### [RAW DATA]

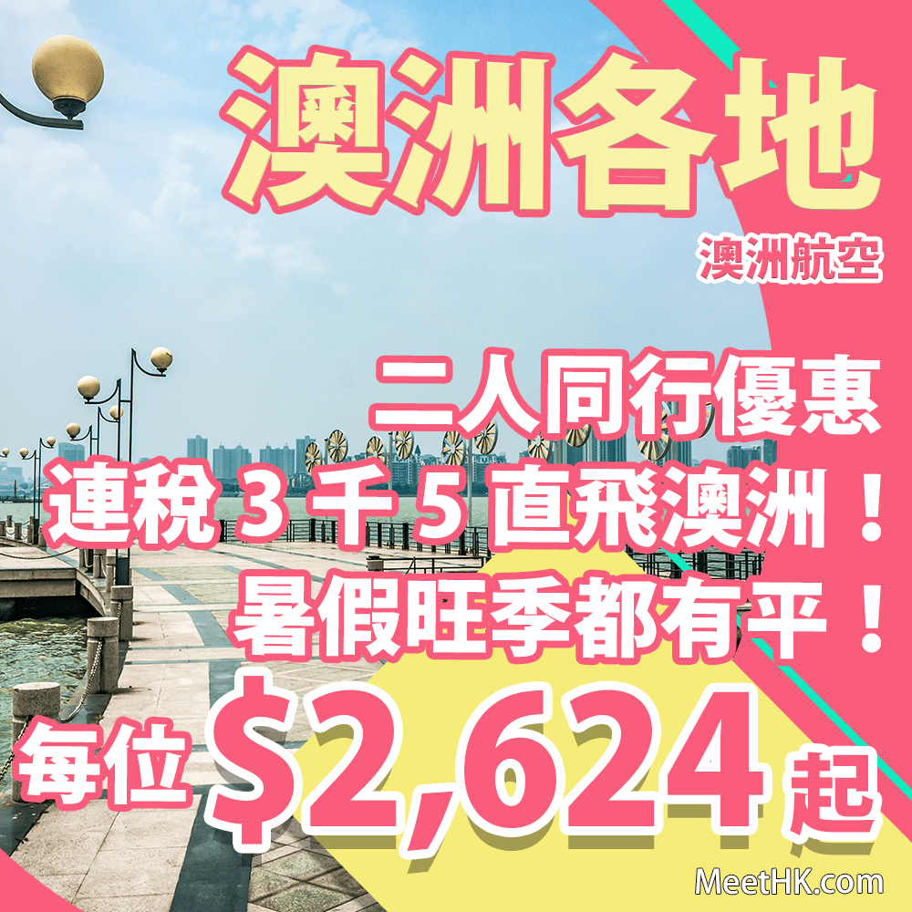 抵!澳航同行優惠!孖住玩轉澳洲各地!連稅3千5直飛!暑假出發都有平!8月31日前出發!香港往返悉尼、墨爾本、布里斯班二人同行每人只需$2,624起 – 澳洲航空 (優惠至3月31日)
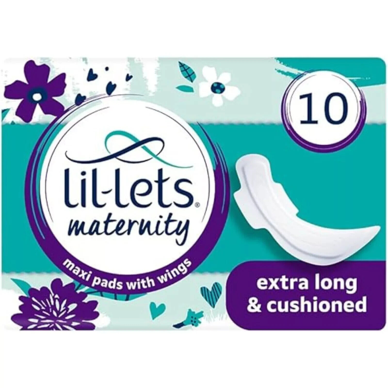 Lil-Lets Maternity Pads | 10 X Extra Long Maxi Thick Pads with Wings
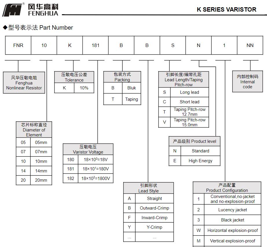 風華高科K系列壓敏電阻器型號命名規則:
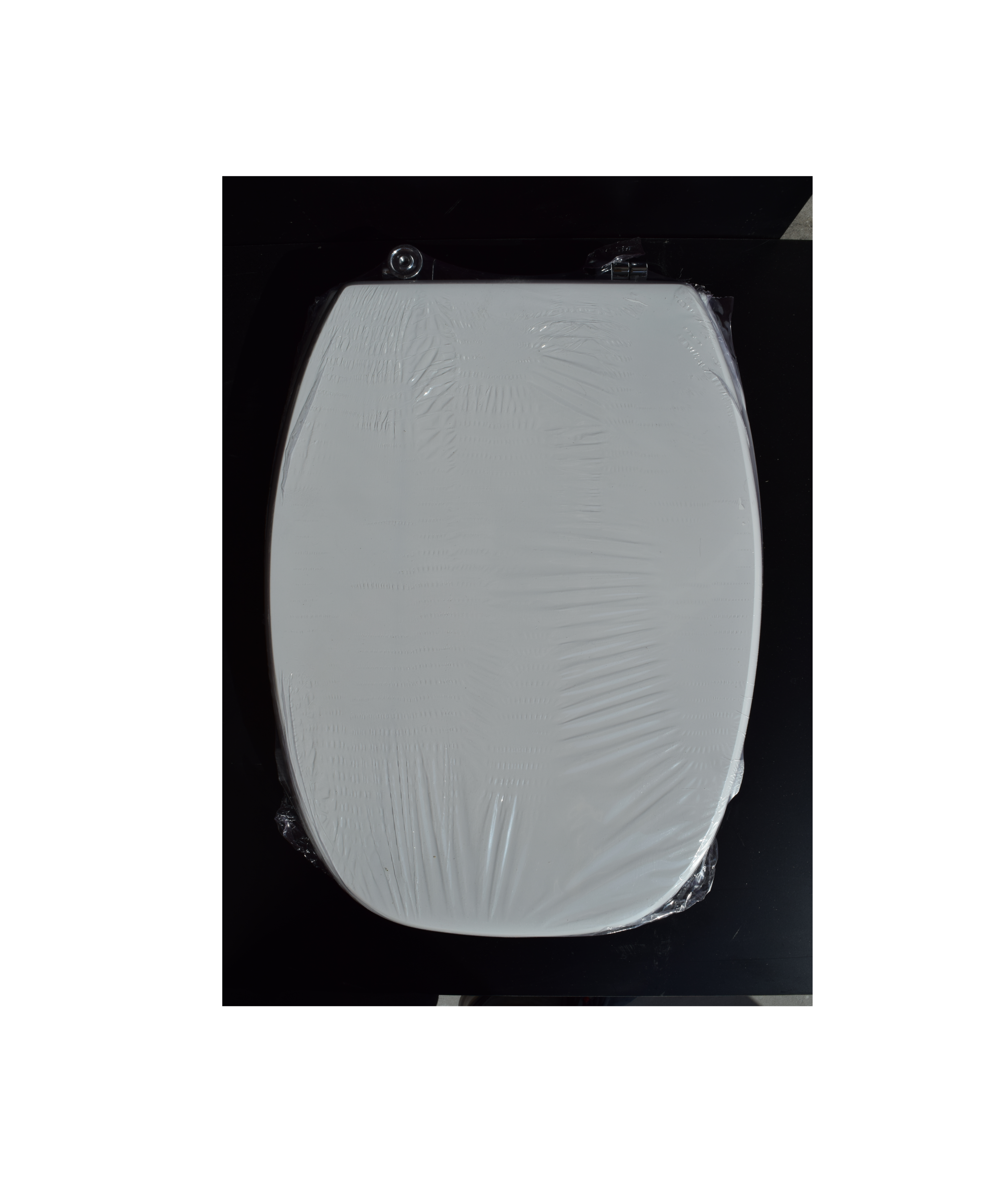 Copriwater in resina “RPC” realizzato con un inserto in legno truciolare pressato di 12 mm, rivestito di resina poliestere liquida per circa 3 mm, sottoposto ad un processo che lo rende immune all’ingiallimento, all’usura e ai liquidi moderatamente aggressivi.
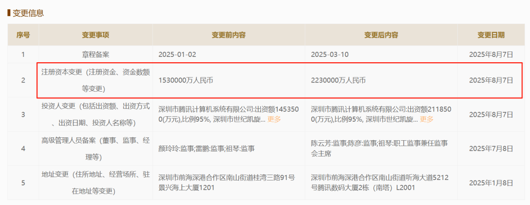 文章來源:四九八網(wǎng)絡(luò)發(fā)布時間:2025-08-12 09:09:33熱度:194據(jù)國家企業(yè)信用信息公示系統(tǒng)顯示,財付通支付科技有限公司于2025年8月7日完成注冊資本變更,從153億元增至223億元,增幅達(dá)45.75%。
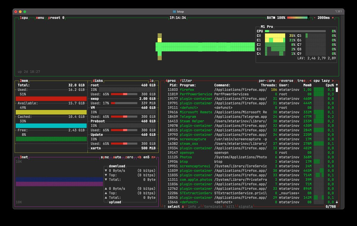 оперативной памяти, дисковом пространстве, сетевых соединениях и др.. brew install btop После установки вы можете запустить btop++ просто введя команду в терминале: btop
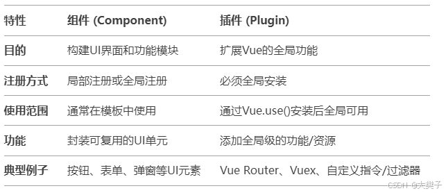 this.$router) - 抽象层次不同:组件关注UI实现,插件关注功能扩展
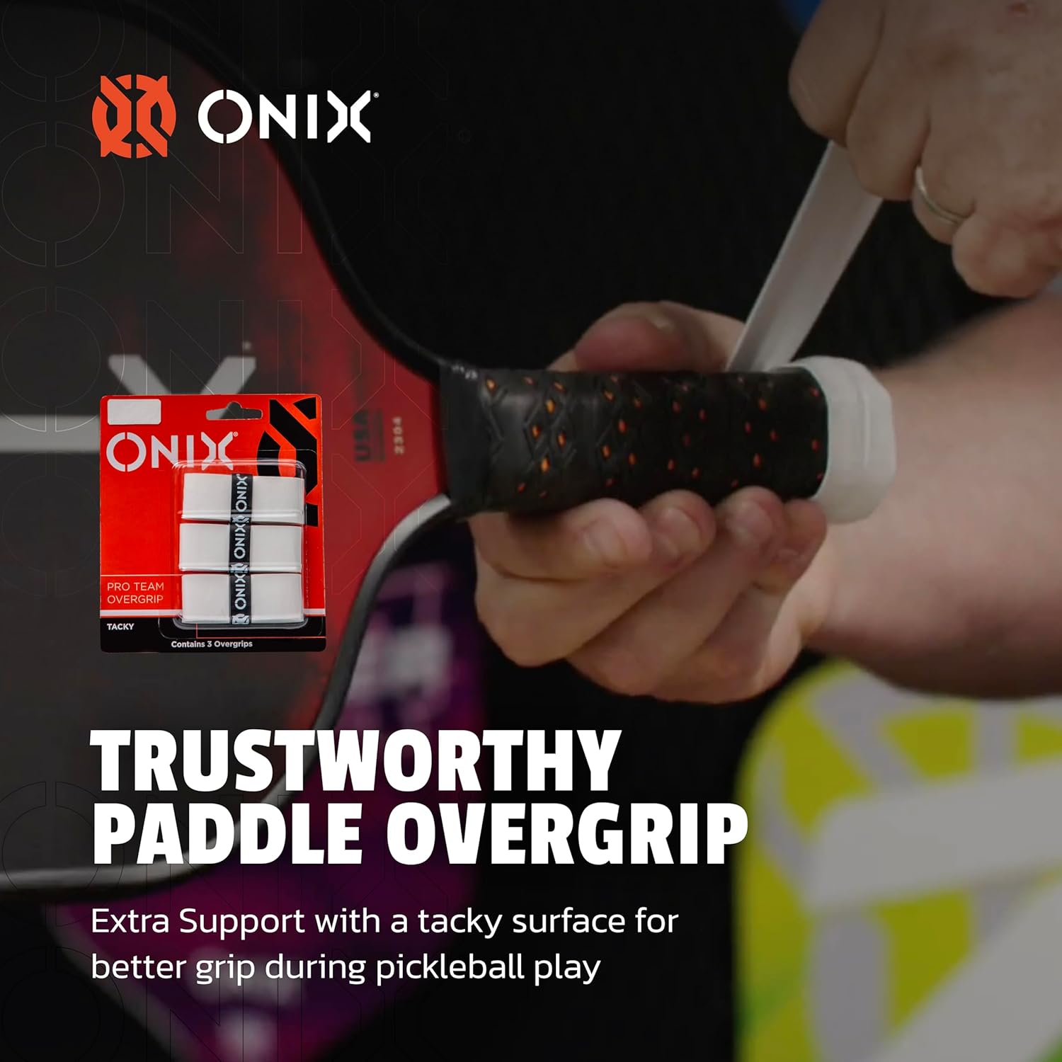 The ONIX Pickleball Paddle Overgrip provides a tacky surface for excellent grip during pickleball play. The overgrip maintains paddle feedback to the hand and adds extra comfort and security for pickleball players of all ages and skill levels. Choose from two colors — white and black.

### [TASK OBJECTIVE]
Only the text of the listing above is copied, exactly as written; its pictures are dropped.

### [OUTPUT FOR THIS EXERCISE]
 抵!澳航同行優惠!孖住玩轉澳洲各地!連稅3千5直飛!暑假出發都有平!8月31日前出發!香港往返悉尼、墨爾本、布里斯班二人同行每人只需$2,624起 – 澳洲航空 (優惠至3月31日)
 Lil-Lets Maternity Pads | 10 X Extra Long Maxi Thick Pads with Wings
 風華高科K系列壓敏電阻器型號命名規則:
 Copriwater in resina “RPC” realizzato con un inserto in legno truciolare pressato di 12 mm, rivestito di resina poliestere liquida per circa 3 mm, sottoposto ad un processo che lo rende immune all’ingiallimento, all’usura e ai liquidi moderatamente aggressivi.
 文章來源:四九八網(wǎng)絡(luò)發(fā)布時間:2025-08-12 09:09:33熱度:194據(jù)國家企業(yè)信用信息公示系統(tǒng)顯示,財付通支付科技有限公司于2025年8月7日完成注冊資本變更,從153億元增至223億元,增幅達(dá)45.75%。
 оперативной памяти, дисковом пространстве, сетевых соединениях и др.. brew install btop После установки вы можете запустить btop++ просто введя команду в терминале: btop
 this.$router) - 抽象层次不同:组件关注UI实现,插件关注功能扩展
 The ONIX Pickleball Paddle Overgrip provides a tacky surface for excellent grip during pickleball play. The overgrip maintains paddle feedback to the hand and adds extra comfort and security for pickleball players of all ages and skill levels. Choose from two colors — white and black.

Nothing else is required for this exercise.